═══ EXERCISE DATA ═══

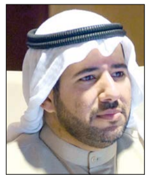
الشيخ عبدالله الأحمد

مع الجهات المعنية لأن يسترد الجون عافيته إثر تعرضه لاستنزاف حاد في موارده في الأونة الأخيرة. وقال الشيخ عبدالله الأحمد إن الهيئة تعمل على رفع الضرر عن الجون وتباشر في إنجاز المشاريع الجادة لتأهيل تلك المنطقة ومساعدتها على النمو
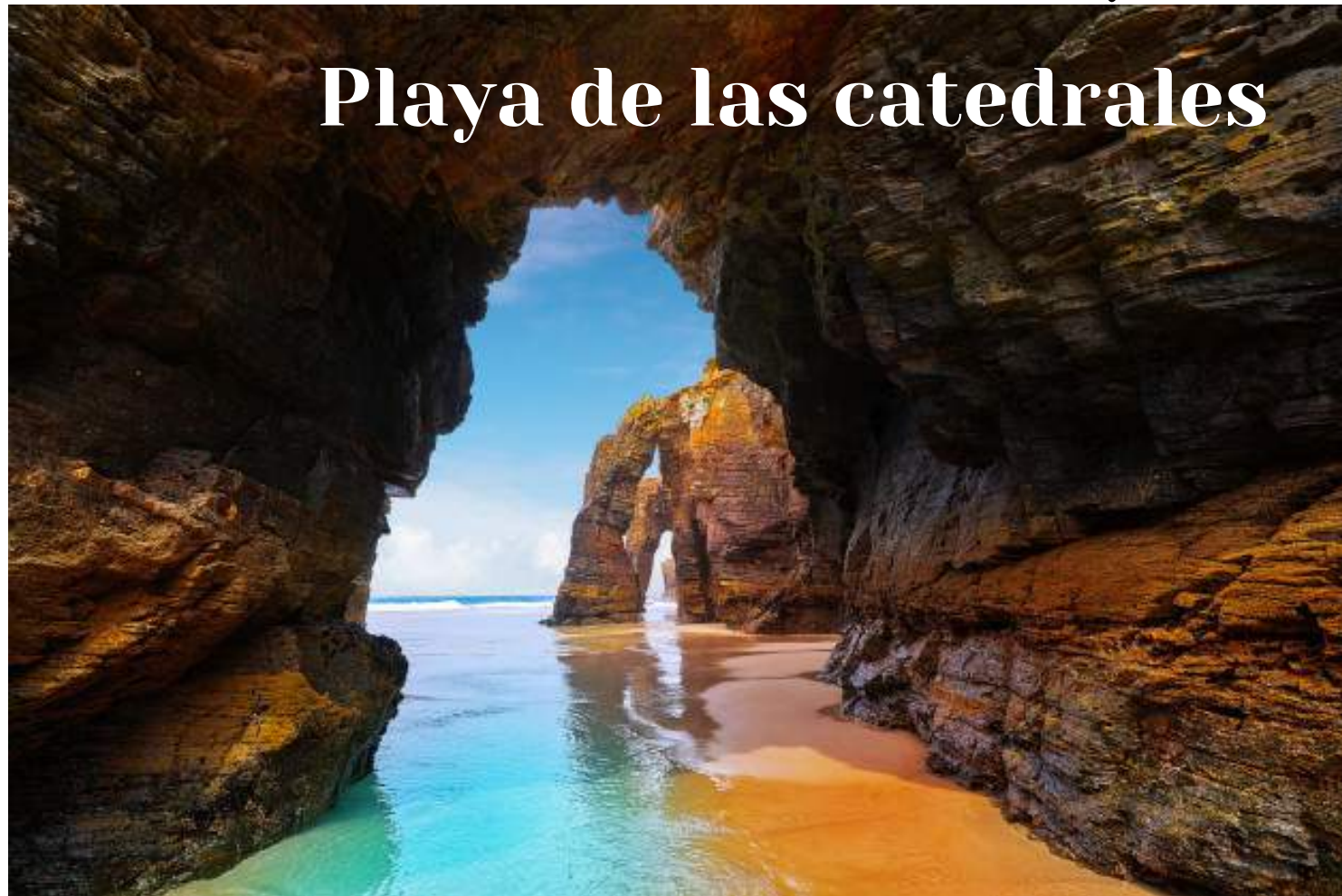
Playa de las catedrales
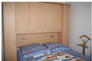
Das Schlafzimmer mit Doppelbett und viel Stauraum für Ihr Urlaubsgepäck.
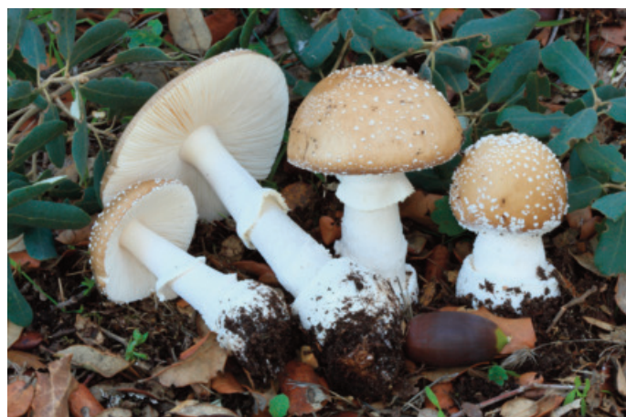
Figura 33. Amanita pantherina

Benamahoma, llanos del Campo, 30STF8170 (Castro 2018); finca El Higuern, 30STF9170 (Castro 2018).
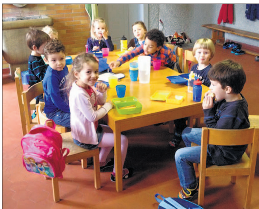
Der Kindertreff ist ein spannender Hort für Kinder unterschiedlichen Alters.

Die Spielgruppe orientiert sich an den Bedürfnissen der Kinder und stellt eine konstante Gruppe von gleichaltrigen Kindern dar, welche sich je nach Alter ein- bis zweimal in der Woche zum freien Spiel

═══
═══ EXERCISE DATA ═══

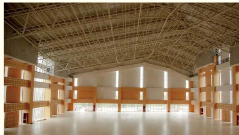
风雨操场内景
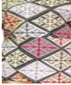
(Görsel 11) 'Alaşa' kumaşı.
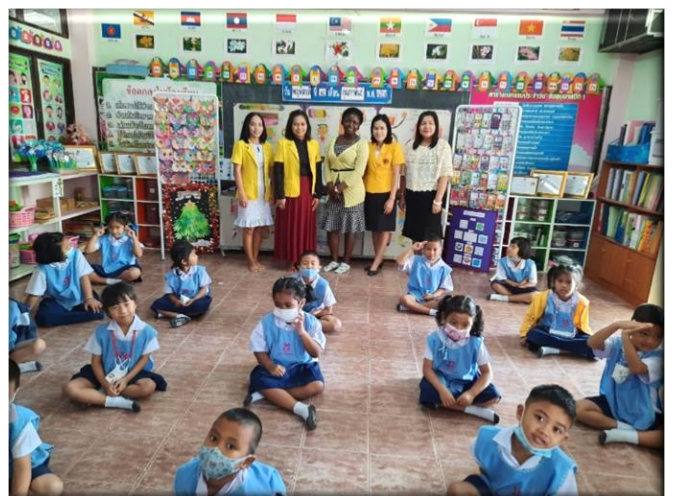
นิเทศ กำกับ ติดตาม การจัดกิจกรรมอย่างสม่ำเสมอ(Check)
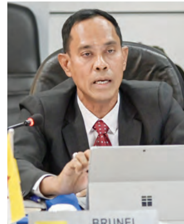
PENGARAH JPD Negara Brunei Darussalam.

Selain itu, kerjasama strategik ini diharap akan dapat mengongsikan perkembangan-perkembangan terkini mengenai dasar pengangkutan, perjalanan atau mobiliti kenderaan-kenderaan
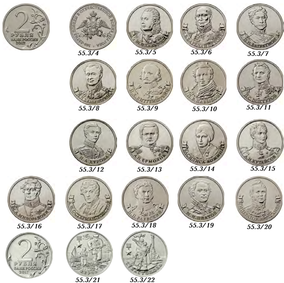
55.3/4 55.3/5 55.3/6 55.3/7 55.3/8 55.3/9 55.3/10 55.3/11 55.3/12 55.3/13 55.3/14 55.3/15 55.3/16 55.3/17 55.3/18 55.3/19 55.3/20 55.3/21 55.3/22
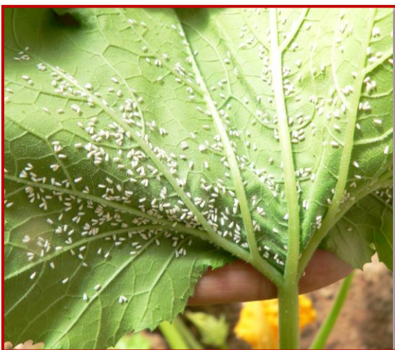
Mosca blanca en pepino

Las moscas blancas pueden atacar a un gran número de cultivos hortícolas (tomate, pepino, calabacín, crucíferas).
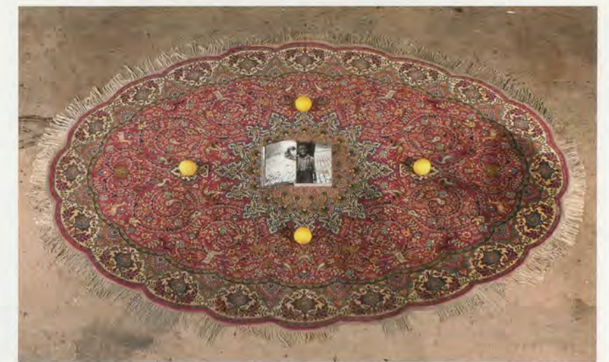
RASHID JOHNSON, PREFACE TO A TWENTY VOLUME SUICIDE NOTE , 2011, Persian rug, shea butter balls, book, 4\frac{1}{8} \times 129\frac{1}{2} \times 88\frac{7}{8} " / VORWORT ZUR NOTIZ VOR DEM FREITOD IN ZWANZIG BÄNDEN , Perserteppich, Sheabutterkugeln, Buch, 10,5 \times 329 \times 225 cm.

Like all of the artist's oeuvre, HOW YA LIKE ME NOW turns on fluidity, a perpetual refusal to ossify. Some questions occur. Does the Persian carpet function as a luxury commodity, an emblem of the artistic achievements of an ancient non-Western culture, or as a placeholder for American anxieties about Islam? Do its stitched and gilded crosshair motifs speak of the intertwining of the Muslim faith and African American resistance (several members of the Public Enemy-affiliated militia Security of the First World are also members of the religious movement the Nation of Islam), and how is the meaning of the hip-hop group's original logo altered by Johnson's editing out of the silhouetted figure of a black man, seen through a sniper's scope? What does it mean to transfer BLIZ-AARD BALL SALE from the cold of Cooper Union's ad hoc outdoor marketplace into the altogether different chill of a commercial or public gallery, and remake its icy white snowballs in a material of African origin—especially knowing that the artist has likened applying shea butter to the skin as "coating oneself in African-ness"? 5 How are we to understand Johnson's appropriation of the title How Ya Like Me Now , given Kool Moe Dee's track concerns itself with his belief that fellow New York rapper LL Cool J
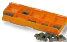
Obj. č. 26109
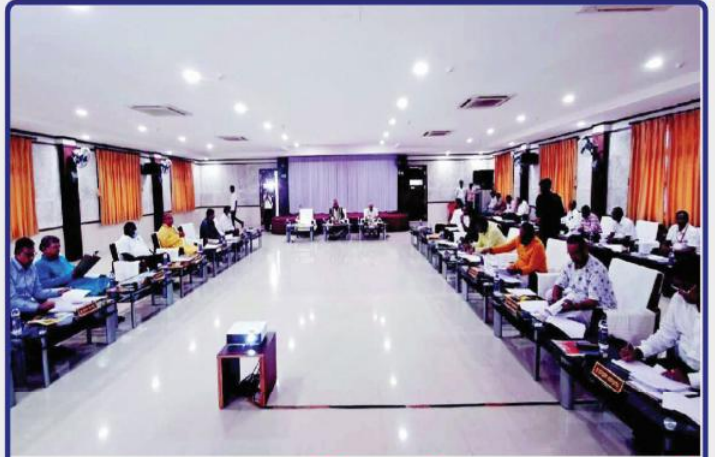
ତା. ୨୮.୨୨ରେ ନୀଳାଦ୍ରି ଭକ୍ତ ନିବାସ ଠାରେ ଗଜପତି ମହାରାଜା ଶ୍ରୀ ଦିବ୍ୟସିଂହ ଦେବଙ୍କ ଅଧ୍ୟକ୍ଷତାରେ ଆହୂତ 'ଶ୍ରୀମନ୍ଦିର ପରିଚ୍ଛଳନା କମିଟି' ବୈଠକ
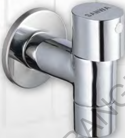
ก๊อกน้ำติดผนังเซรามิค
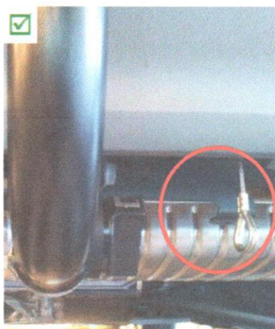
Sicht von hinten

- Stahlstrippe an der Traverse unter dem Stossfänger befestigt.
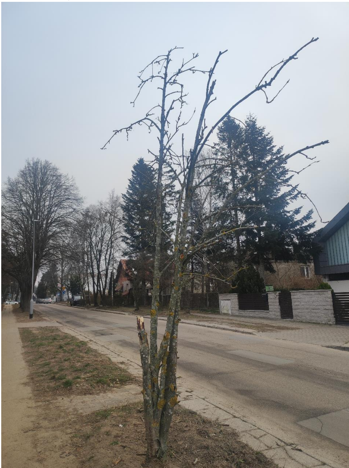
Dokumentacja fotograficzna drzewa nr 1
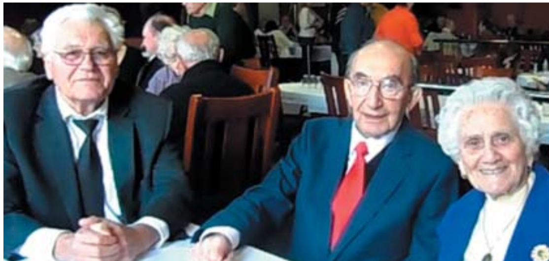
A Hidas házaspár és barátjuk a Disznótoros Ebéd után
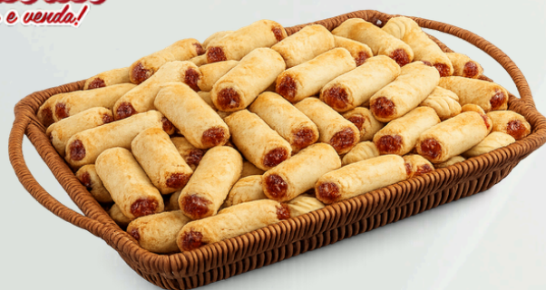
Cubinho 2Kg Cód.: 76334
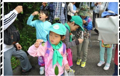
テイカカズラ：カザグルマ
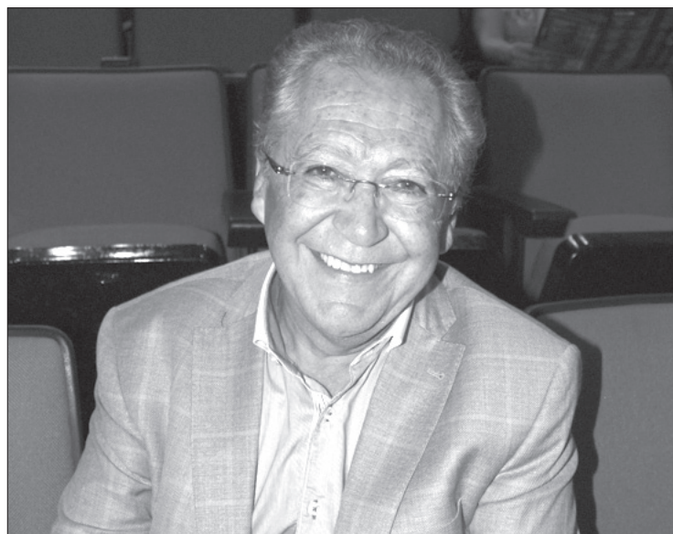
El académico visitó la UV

═══
═══ EXERCISE DATA ═══

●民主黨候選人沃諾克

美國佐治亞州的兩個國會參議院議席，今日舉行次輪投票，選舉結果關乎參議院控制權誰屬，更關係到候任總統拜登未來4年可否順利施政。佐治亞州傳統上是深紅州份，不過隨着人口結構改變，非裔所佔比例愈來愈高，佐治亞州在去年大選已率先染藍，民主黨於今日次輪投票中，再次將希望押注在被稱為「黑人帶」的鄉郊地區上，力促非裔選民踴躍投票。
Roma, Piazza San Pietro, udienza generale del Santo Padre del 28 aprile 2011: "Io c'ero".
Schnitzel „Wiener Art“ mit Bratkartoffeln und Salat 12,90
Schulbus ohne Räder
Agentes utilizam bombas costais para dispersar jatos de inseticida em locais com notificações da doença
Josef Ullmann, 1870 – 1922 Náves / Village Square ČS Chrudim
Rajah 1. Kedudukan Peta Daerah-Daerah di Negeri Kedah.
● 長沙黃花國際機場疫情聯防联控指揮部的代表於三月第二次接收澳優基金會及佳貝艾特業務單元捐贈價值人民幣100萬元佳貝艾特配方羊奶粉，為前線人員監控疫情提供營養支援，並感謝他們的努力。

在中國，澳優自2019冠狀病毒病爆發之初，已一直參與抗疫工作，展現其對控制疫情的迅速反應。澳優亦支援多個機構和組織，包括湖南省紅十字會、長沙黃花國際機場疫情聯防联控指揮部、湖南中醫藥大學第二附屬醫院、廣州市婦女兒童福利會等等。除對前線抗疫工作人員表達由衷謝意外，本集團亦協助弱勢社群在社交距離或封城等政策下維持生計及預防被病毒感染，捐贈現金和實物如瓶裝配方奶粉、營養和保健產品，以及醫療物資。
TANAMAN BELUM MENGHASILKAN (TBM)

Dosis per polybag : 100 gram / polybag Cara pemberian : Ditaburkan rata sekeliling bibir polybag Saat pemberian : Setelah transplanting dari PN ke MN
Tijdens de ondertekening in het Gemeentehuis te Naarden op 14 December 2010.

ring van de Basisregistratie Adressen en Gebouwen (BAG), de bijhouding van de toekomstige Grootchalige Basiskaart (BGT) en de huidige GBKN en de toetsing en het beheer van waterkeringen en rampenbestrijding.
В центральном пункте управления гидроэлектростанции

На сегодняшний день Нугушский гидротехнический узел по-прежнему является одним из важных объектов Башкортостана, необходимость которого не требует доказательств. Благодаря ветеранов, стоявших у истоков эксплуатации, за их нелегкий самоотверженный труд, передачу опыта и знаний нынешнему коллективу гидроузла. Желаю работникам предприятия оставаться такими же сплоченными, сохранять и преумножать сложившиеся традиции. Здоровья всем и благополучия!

═══

* WHAT YOU NEED TO DO *
Your answer should hold every line of the entries that contains the string "الشيخ".

* SOLUTION TO THIS PROBLEM *
الشيخ عبدالله الأحمد
مع الجهات المعنية لأن يسترد الجون عافيته إثر تعرضه لاستنزاف حاد في موارده في الأونة الأخيرة. وقال الشيخ عبدالله الأحمد إن الهيئة تعمل على رفع الضرر عن الجون وتباشر في إنجاز المشاريع الجادة لتأهيل تلك المنطقة ومساعدتها على النمو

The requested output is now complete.